- Opening Delimiter -
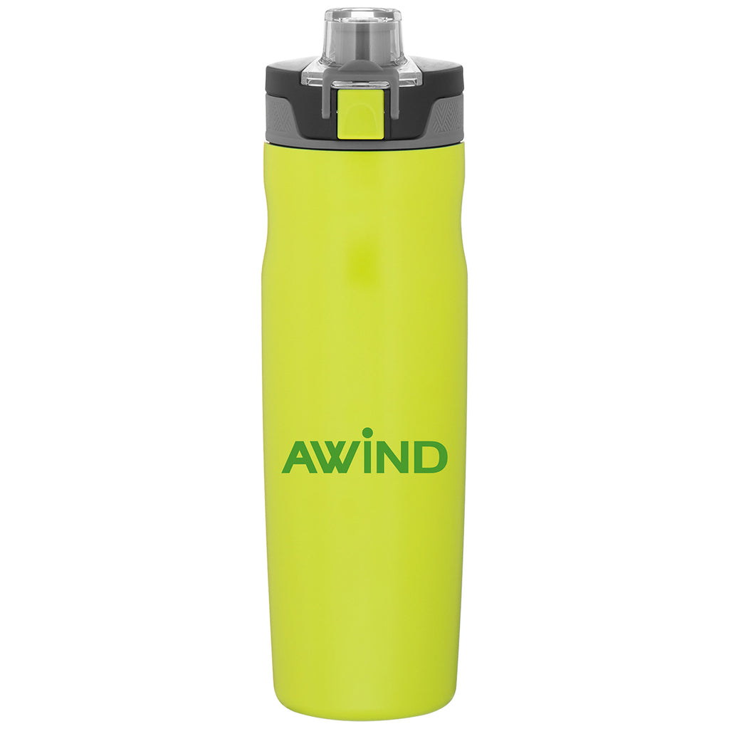 The H2Go Matte Astroturf Jolt 20.9 oz Water Bottle with a custom logo is an easy to use, daily carry bottle that is ready for whatever happens to be on your schedule. The double wall stainless steel thermal bottle has a copper vacuum insulation to keep your drinks at the right temperature for hours. The threaded one-touch push button lid has a locking mechanisms, spout cover, drinking spout, and removable carrying strap to use when hiking, biking, or just hanging with friends. Add a company logo to use at trade shows or special events. Place an order today so you do not miss out.The minimum order for this product is 48 pieces.
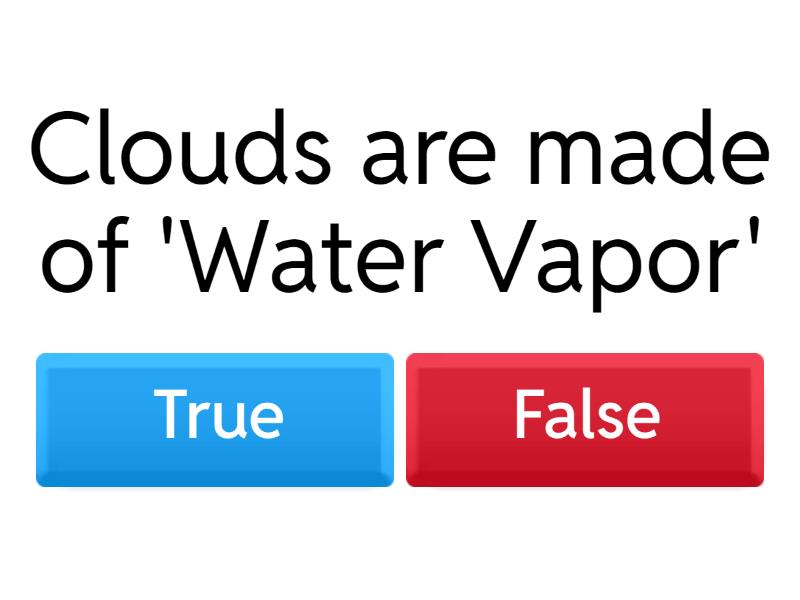 1) Clouds are made of 'Water Vapor' a) True b) False 2) Clouds come in many different shapes and sizes a) True b) False 3) Cirrus a) b) 4) Cumulus a) b) 5) Stratus a) b)
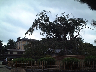 円山公園の枝垂桜 その横に見えるのが ホテル
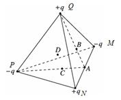 本题解析:四个顶点分别标注为 ,A.B.C.D三点都位于M和N的中垂面上,由于M和N是两个等量异种点电荷,所以M和N在A.B.C.D的电势相等;A.D两点在P和Q的中垂面上,P和Q是等量异种点电荷,所以中垂线电势相等,所以
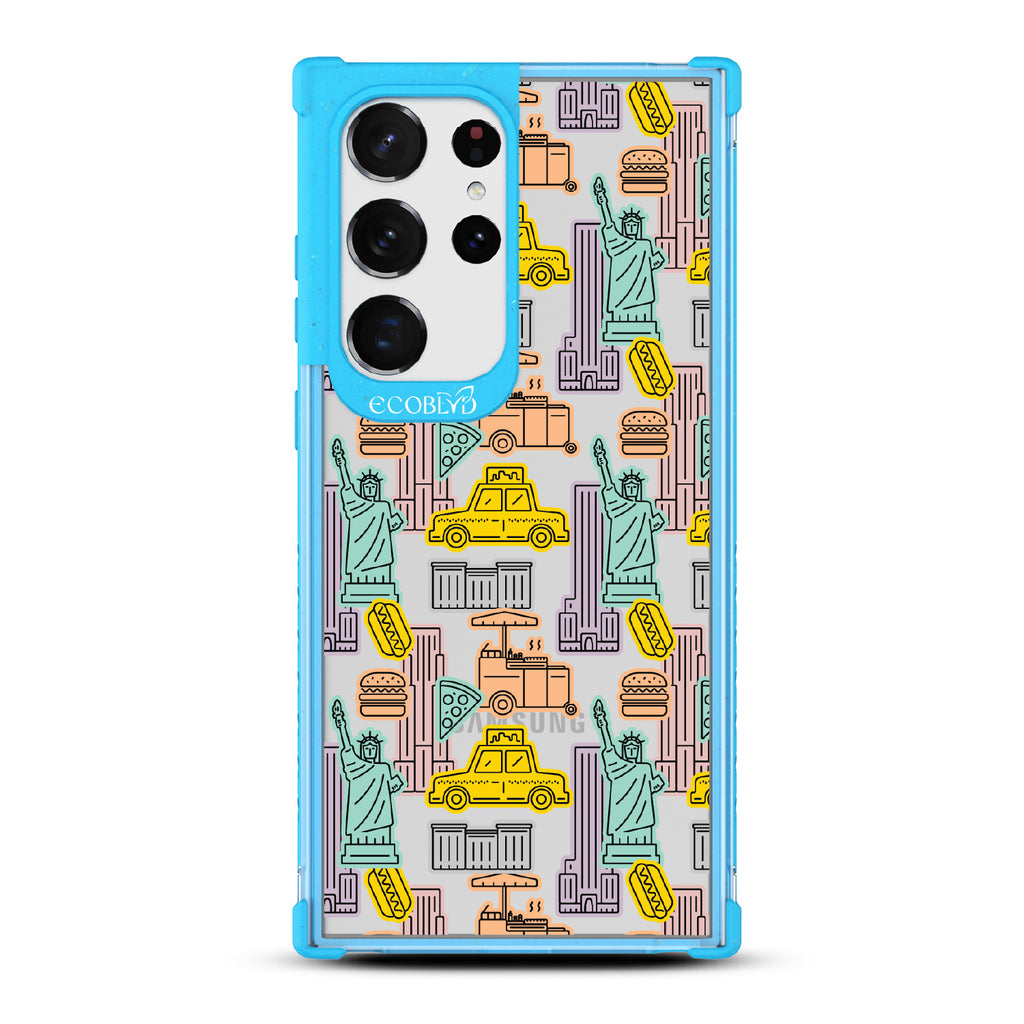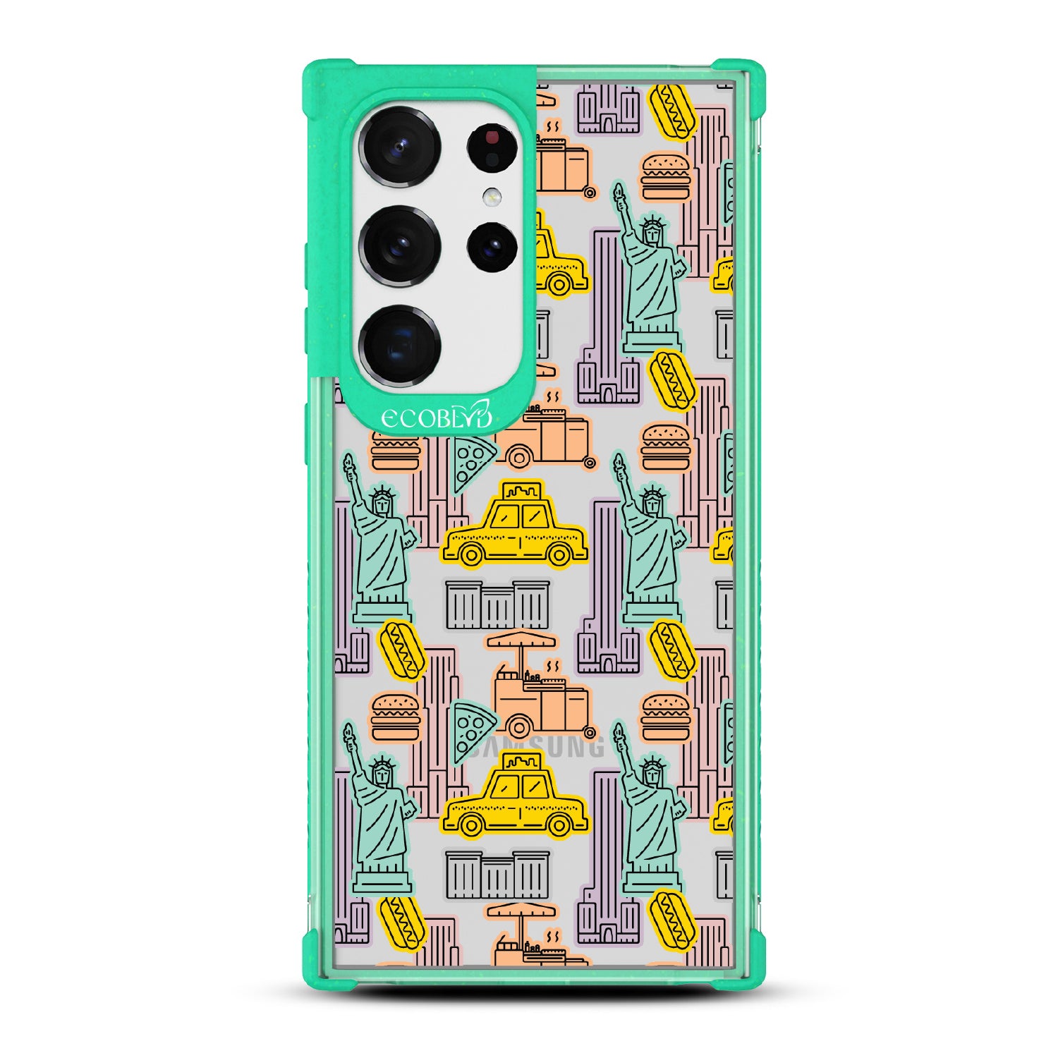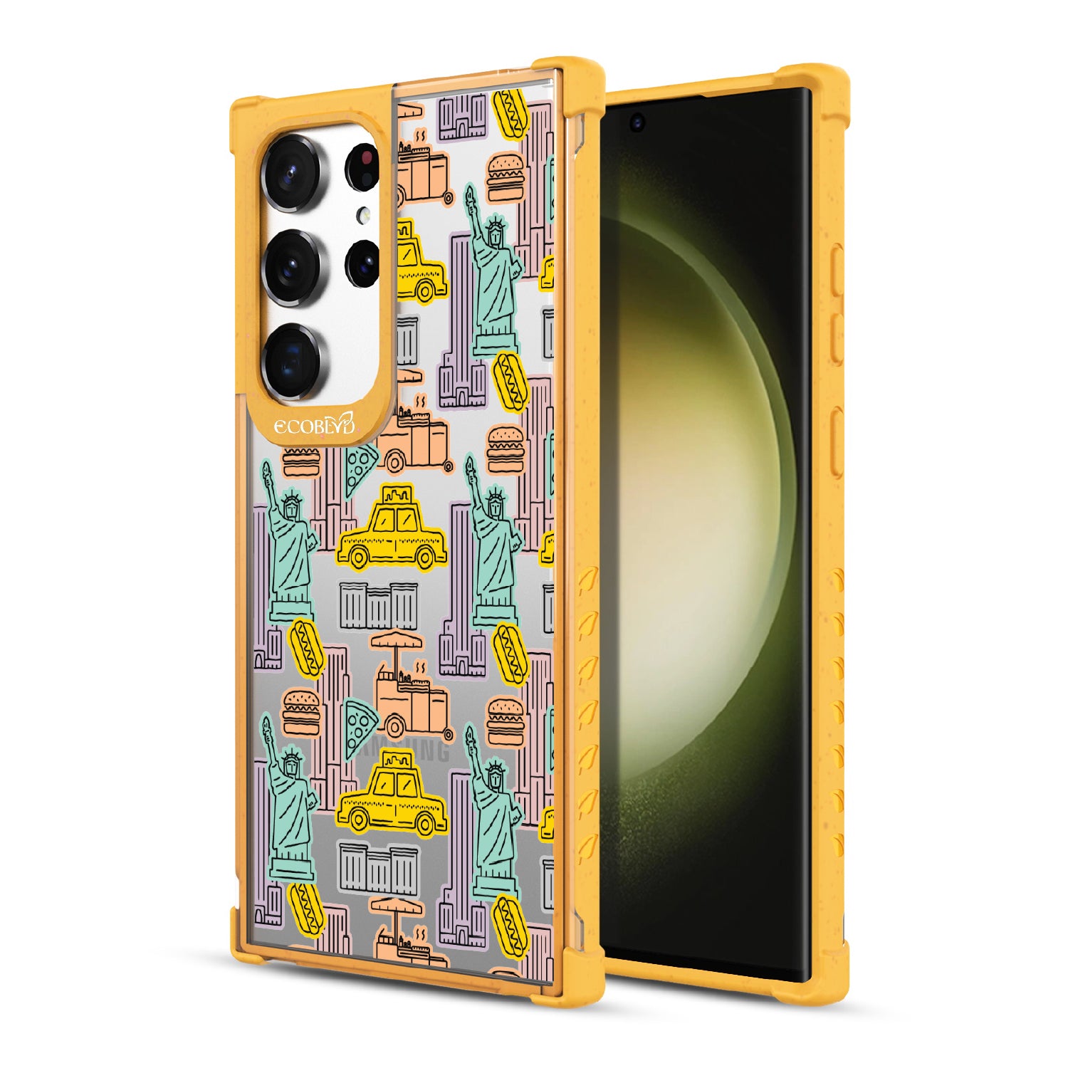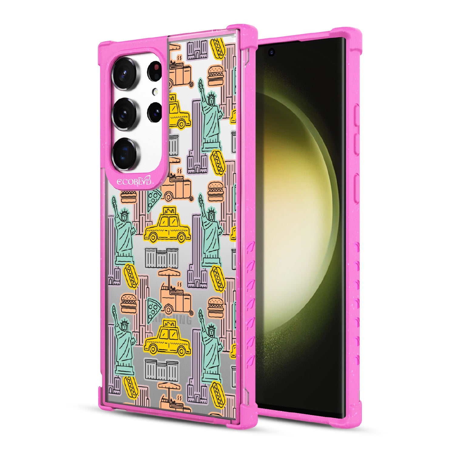 Capture the buzz of the city that never sleeps with the New York Minute design on our Laguna clear Galaxy S23 Ultra phone case. It's a slice of the Big Apple, with iconic yellow cabs, steaming hotdogs, and Lady Liberty herself, all wrapped up in that unmistakable NYC rhythm.
- Closing Delimiter -
> **Task item**: Leaving every picture out, write out exactly the lines from the one that holds "円山公園の枝垂桜 その横に見えるのが ホテル" through the end of the listing, both included.

> **Response to the task**:
 円山公園の枝垂桜 その横に見えるのが ホテル
 本题解析:四个顶点分别标注为 ,A.B.C.D三点都位于M和N的中垂面上,由于M和N是两个等量异种点电荷,所以M和N在A.B.C.D的电势相等;A.D两点在P和Q的中垂面上,P和Q是等量异种点电荷,所以中垂线电势相等,所以
 Capture the buzz of the city that never sleeps with the New York Minute design on our Laguna clear Galaxy S23 Ultra phone case. It's a slice of the Big Apple, with iconic yellow cabs, steaming hotdogs, and Lady Liberty herself, all wrapped up in that unmistakable NYC rhythm.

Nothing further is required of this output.